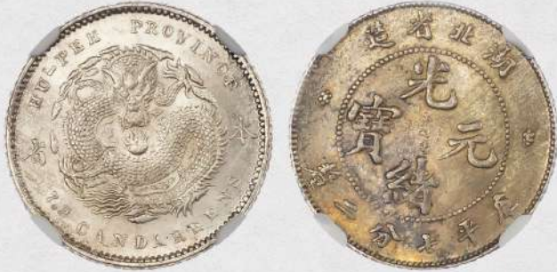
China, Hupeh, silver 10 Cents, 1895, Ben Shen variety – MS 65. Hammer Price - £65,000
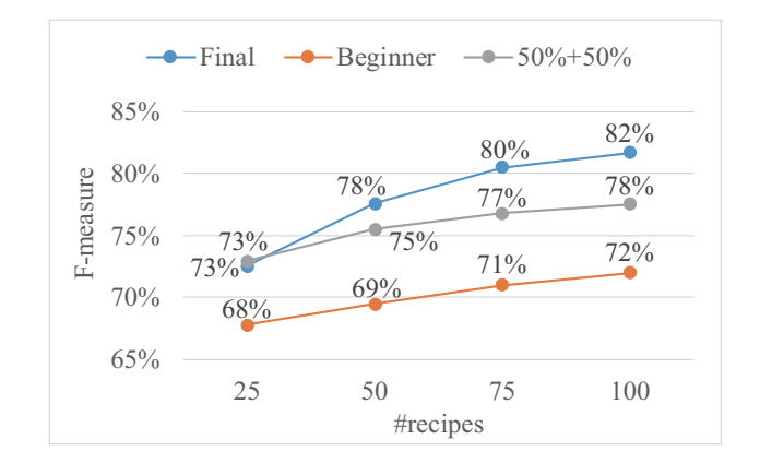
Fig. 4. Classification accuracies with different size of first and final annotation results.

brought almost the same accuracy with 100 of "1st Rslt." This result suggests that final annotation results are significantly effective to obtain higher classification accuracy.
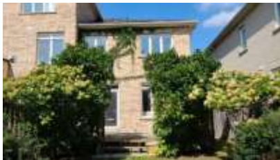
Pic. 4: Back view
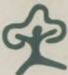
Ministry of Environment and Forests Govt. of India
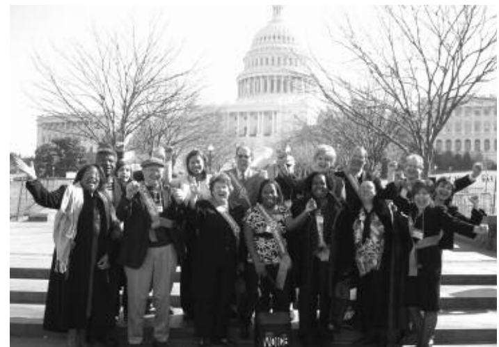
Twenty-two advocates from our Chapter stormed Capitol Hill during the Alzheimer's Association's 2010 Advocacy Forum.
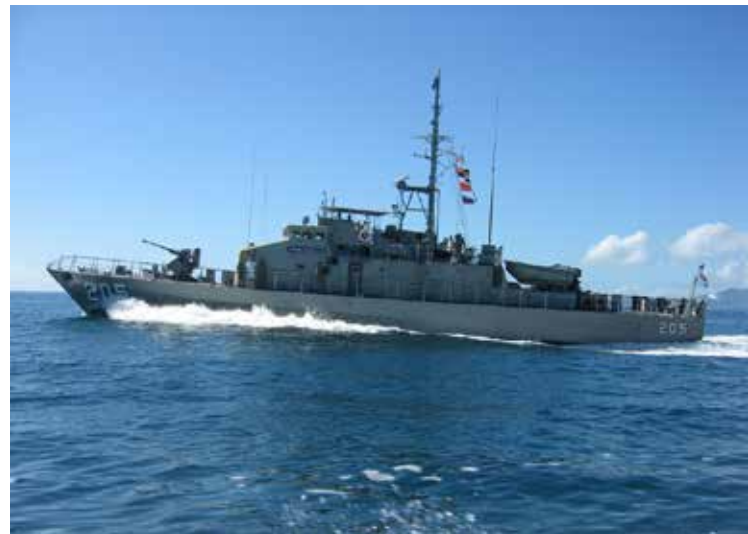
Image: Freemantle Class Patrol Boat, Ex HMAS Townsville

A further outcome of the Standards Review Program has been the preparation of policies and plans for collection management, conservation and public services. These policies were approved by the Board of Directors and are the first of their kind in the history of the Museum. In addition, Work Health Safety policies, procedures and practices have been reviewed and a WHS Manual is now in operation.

_ _ _ _

● Activity: Copy out each line of the listing that holds the word "final".

● Answer box:
Fig. 4. Classification accuracies with different size of first and final annotation results.
brought almost the same accuracy with 100 of "1st Rslt." This result suggests that final annotation results are significantly effective to obtain higher classification accuracy.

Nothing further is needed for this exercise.